First, let's look at the simpler case - the red box.

I don't think this needs another diagram - you've rightly stated in your question that if there is a coefficient of friction between the red box and the floor of $k$, then the resistive force to motion will be equal to $k$ multiplied by the reaction force, which can be calculated from the mass of the box and the acceleration due to gravity. i.e. $F_{min}=Mgk$

Now, let's take a look at the green door. Let's call the width $x$.

The torque being applied is equal to $F*x$ but what's the reaction force?

First, we need to look how much force is being applied to the bearing surfaces of the hinge. There is a contact face at the bottom of the door, providing an upwards reaction equal to $M*g$, as before (to ensure vertical equilibrium), but because the centre of mass of the door is away from the hinge, there is a clockwise moment which must be resisted by the hinges, also. This clockwise moment is equal to $M*g*\frac{x}{2}$

The two red arrows show the moment reaction forces - the distribution between these is not critical - we must simply note that, combined, they sum to $M*g*\frac{x}{2}$.

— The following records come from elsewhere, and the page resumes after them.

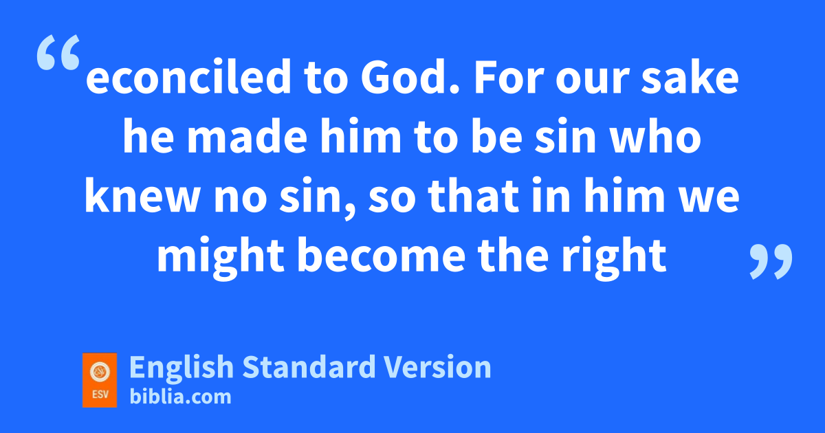 16 From now on, therefore, hwe regard no one according to the flesh. Even though we once regarded Christ according to the flesh, we regard him thus no longer. 17 Therefore, if anyone is iin Christ, he is ja new creation.2 kThe old has passed away; behold, the new has come. 18 All this is from God, lwho through Christ reconciled us to himself and gave us mthe ministry of reconciliation; 19 that is, in Christ God was reconciling3 the world to himself, nnot counting their trespasses against them, and entrusting to us mthe message of reconciliation. 20 Therefore, owe are ambassadors for Christ, pGod making his appeal through us. We implore you on behalf of Christ, be reconciled to God. 21 qFor our sake he made him to be sin rwho knew no sin, so that in him we might become sthe righteousness of God.
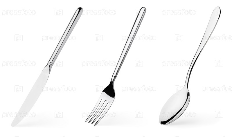 Нож, вилка и ложка на белом фоне
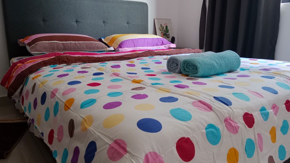 Căn hộ nằm tại Desaru Utama Residence với tầm nhìn ra hồ bơi, bên trong trung tâm thành phố. Một nơi thuận tiện và hoàn hảo cho gia đình, nhóm bạn bè, cặp đôi, khách đi công tác và những người khác ! Căn hộ này có thể chứa tối đa 6 khách ! 2 chỗ đỗ xe MIỄN PHÍ Phòng ngủ chính: 1 giường cỡ king Phòng ngủ giữa: 1 giường queen Phòng ngủ giữa: 1 giường đơn - SKS Mall Desaru (5 phút đi bộ) - Trang trại trái cây Desaru (10 phút lái xe) - Muzium Nelayan (10 phút lái xe) - Bãi biển Desaru (15 phút lái xe) - Công viên nước Desaru Coast (20 phút lái xe)

So, we have some forces, and by multiplying by $k$, we can get some resistance to movement forces, but, there is one thing missing to tell us how much resistive torque this can generate - the radius at which it is acting.

Front view of door

Looking at the image below, the we will call the hinge pin radius $r_i$, and the hinge body radius $r_o$. Clearly, then the friction acting on the pin from the moment reaction is applied at the surface of the pin, at radius $r_i$. To find the effective radius at which the friction on the bottom face of the door is acting, we must find the radius where the surface area can be split into two equal halves. Let us call the unknown radius $r_u$. This gives us $\left(\pi{r_u}^2-\pi{r_i}^2\right)=\left(\pi{r_o}^2-\pi{r_u}^2\right)$ which can be solved to give $r_u=\frac{\sqrt{r_i + r_o}}{\sqrt{2}}$

The total resistive force due to friction in this example is therefore $\frac{Mgk\sqrt{r_i + r_o}}{\sqrt{2}}+\frac{Mgkxr_i}{2}$

Divide through by X, and you have your final answer for $F_{min}=Mgk\left(\frac{\sqrt{r_i + r_o}}{x\sqrt{2}}+\frac{r_i}{2}\right)$.

Hinge action radii

Clearly, the values of $r_i$ and $r_o$ will be comparatively small when compared to $x$, so you can assume that $\left(\frac{\sqrt{r_i + r_o}}{x\sqrt{2}}+\frac{r_i}{2}\right)<1$

That is to say, the force required to move the door, is smaller than the force required to slide the box.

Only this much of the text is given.